So it’s Friday, and I have nothing much better to do with my time, so I’m reading movie reviews. Hey, you amuse yourself your way and I’ll amuse myself mine.
“If you could put the essence of 3 a.m. in a perfume bottle,” writes Stephanie Zacharek, of Salon, “it would smell like ‘Mulholland Drive’ looks.” And, of course, it’s not playing in State College, PA.
“You never know what’s real and what they’re making up in the movies;” writes Roger Ebert in his review of the new film Bandits. “[Billy Bob] Thornton has a real-life phobia about antique furniture, in fact, and almost had a meltdown once during a visit to Johnny Cash’s antiques-filled home.”
This sounded a little too farfetched, but I looked it up online and apparently it’s true. “Anything before 1950 or so,” Thornton told Oprah Winfrey, “I’m not big on…some people say maybe it’s a past life thing and I got beat to death with some old chair. I can’t eat around antiques…like old velvety curtains, anything carved. Like stuff in a castle. Big carved chairs. Those old ornate deals. Can’t do it. Couldn’t do it at all.
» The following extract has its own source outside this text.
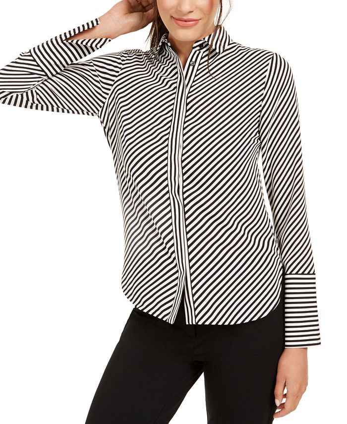 An essential building block for office outfits, this pretty blouse by Anne Klein features lovely details like slit cuffs and a rounded hem.

Couldn’t spend ten minutes there. I get hives, can’t breathe.” This, of course, from the man who also says he is the reincarnation of Benjamin Franklin.
I need to stop reading movie reviews. I need to go to lunch, read my book, work on the crossword puzzle, maybe take some photographs, and stop wondering which celebrities are or are not afraid of antiques.